Tom Morris was part of a team that looked into the quality of data.gov.uk. Although data.gov.uk advertises itself as a database of open datasets, many of the entries are actually PDF files. He built a prototype format checker that invites people to go through datasets and record the file format. You can listen to him explaining the checker to me and to the hackday, or reuse the interview under the BBC Backstage License.

 

In order to see this content you need to have both Javascript enabled and Flash installed. Visit BBC Webwise for full instructions. If you're reading via RSS, you'll need to visit the blog to access this content.

 

On Wednesday February 3rd, he put a completed quality checker online. On that Thursday, the crowd had gone through data.gov.uk and marked up all of the datasets.

 

Tom posted his initial breakdown to the data.gov.uk community on March 20th:

HTML -252
XML -5
Word - 4
RTF - 1
OpenOffice -1
Something odd - 85
JSON - 9
Nothing there! - 190
CSV - 12
Multiple formats - 1211
PDF - 468
RDF - 10
Excel - 408
TOTAL - 2656
Sadly, this is over-optimistic.
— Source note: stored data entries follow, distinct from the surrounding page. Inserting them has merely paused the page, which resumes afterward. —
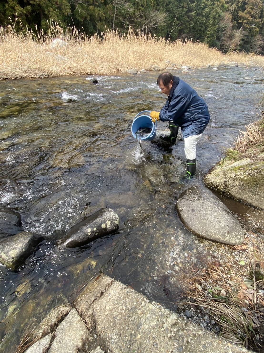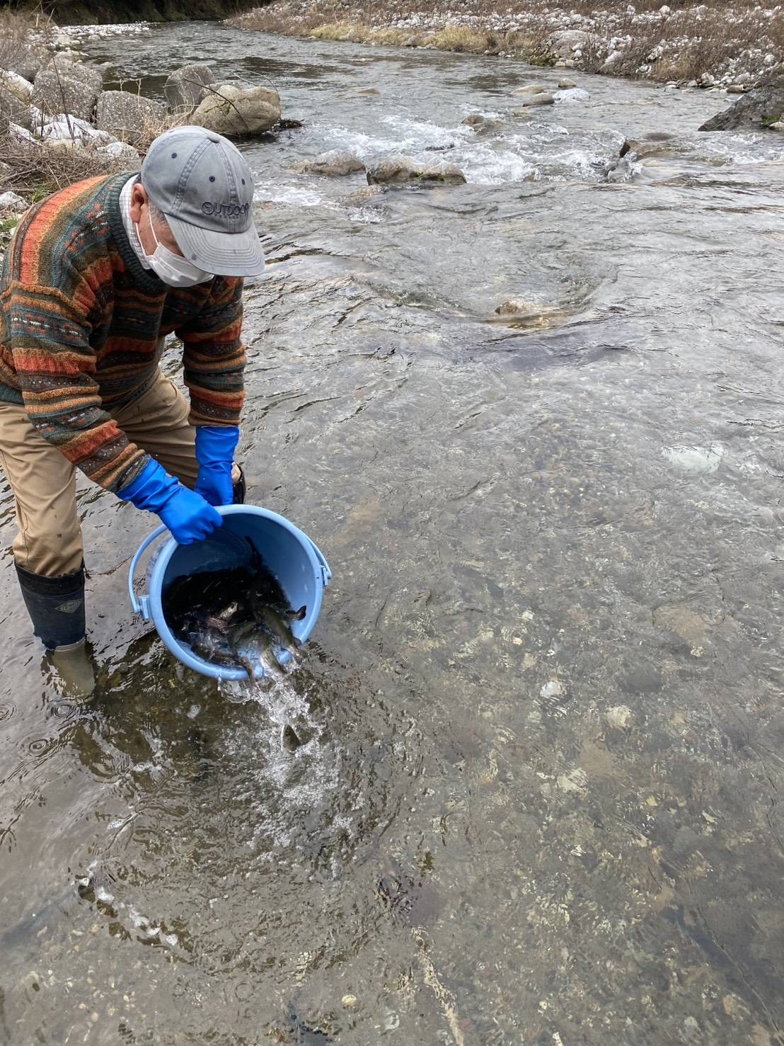 明日の解禁にむけて本日成魚を放流しました。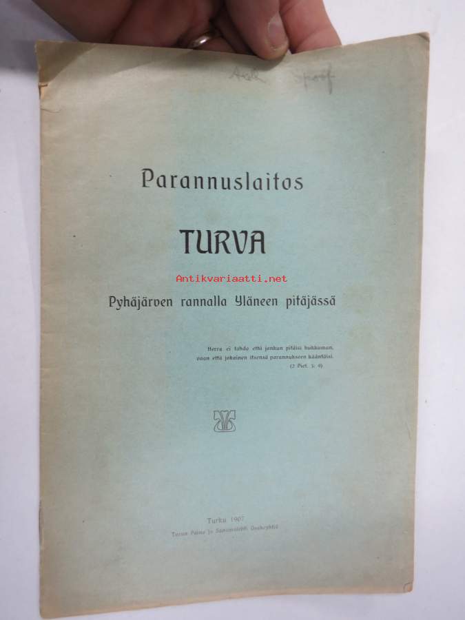 Parannuslaitos Turva (alkohoolitautia eli alkoholismia sairastaville) Pyhäjärven rannalla Yläneen pitäjässä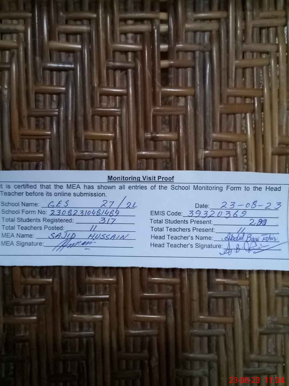 | EMIS Code: 39320369 | Name of School: GES CHAK NO 27/2-L | |||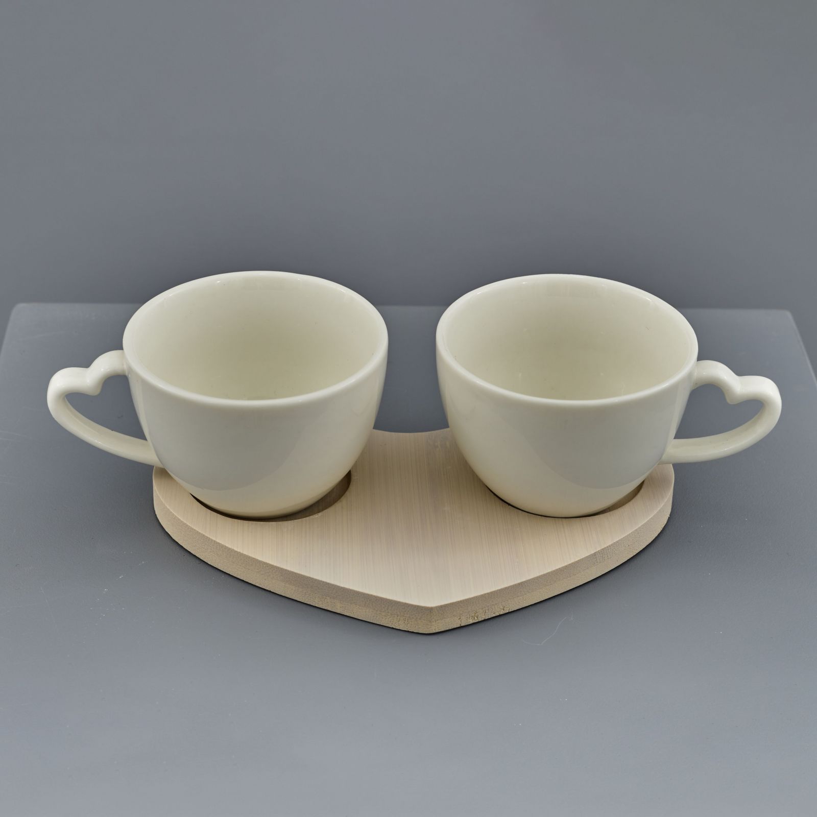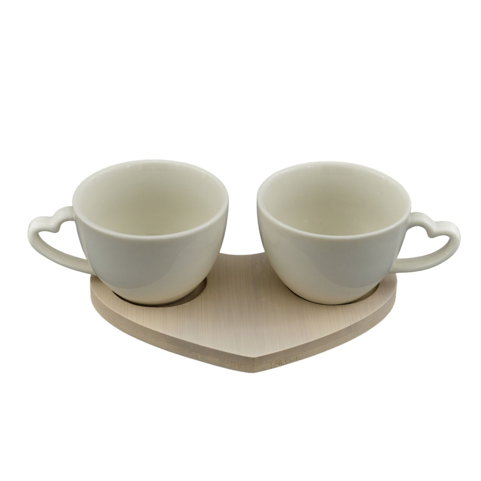 La bomboniera ideale per rendere speciali le vostre nozze d'oro o d'argento è un set di due tazze da caffè in ceramica con una meravigliosa base a forma di cuore in legno. Un dettaglio pensato con cura e precisione, dall'aspetto elegante e raffinato, ideale per la cucina di tutti i giorni.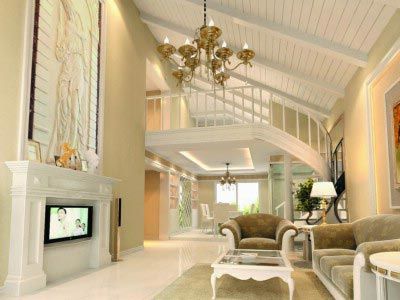 從花園進(jìn)入客廳,田園風(fēng)格繼續(xù)延伸,設(shè)計(jì)師大面積地運(yùn)用白色與米色。白色水曲柳拼板的斜頂天花,素白的天然石壁爐,精致的原木雕花扶手,細(xì)膩的石線條,大面積的米黃色墻紙,象牙般的地磚,再結(jié)合白色、米色家具,整個格調(diào)溫馨浪漫,既有西歐廳堂的大氣,又充滿著田園的風(fēng)味,氣質(zhì)高貴,格調(diào)高雅。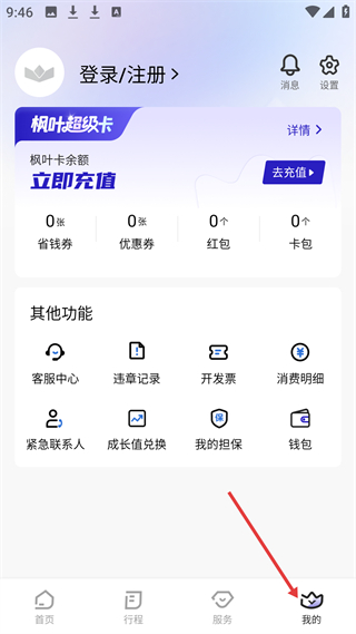 4、我的板塊可登錄注冊,管理楓葉卡余額,含客服中心、違章記錄等功能,助力用戶全面管理租車事務(wù),功能布局清晰實用。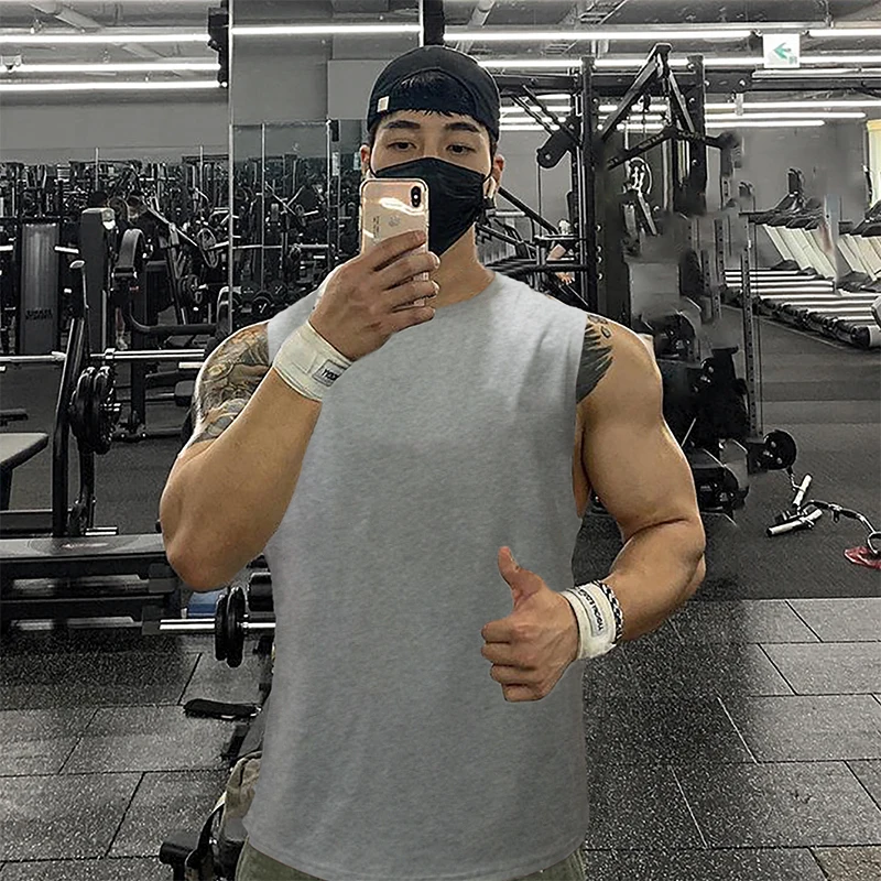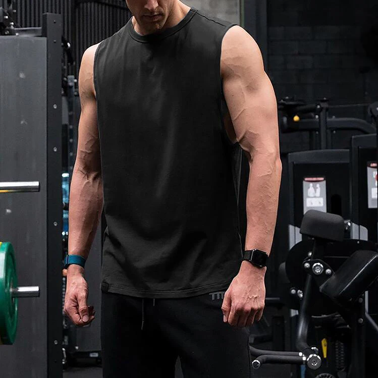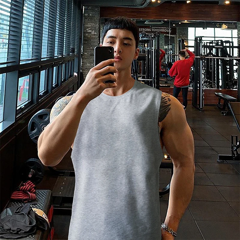Мужской Хлопковый жилет для бега, Спортивная футболка свободного кр...

I've manually checked some of the data that has been categorised as JSON and RDF. Most of it is not actually correctly categorised - either people clicked, say, 'RDF' when they meant to click 'PDF', or they have seen an RSS or Atom feed and categorised it as RDF. What this admittedly imperfect dataset is basically saying is that the vast majority of the 'data' on data.gov.uk is not actually machine-readable data but human-readable documents.

He will be at the Open Knowledge Conference this weekend, where he will speak about Citizendium and might do the analysis, which he told me was the most important part. When done, it will be very interesting indeed to read it.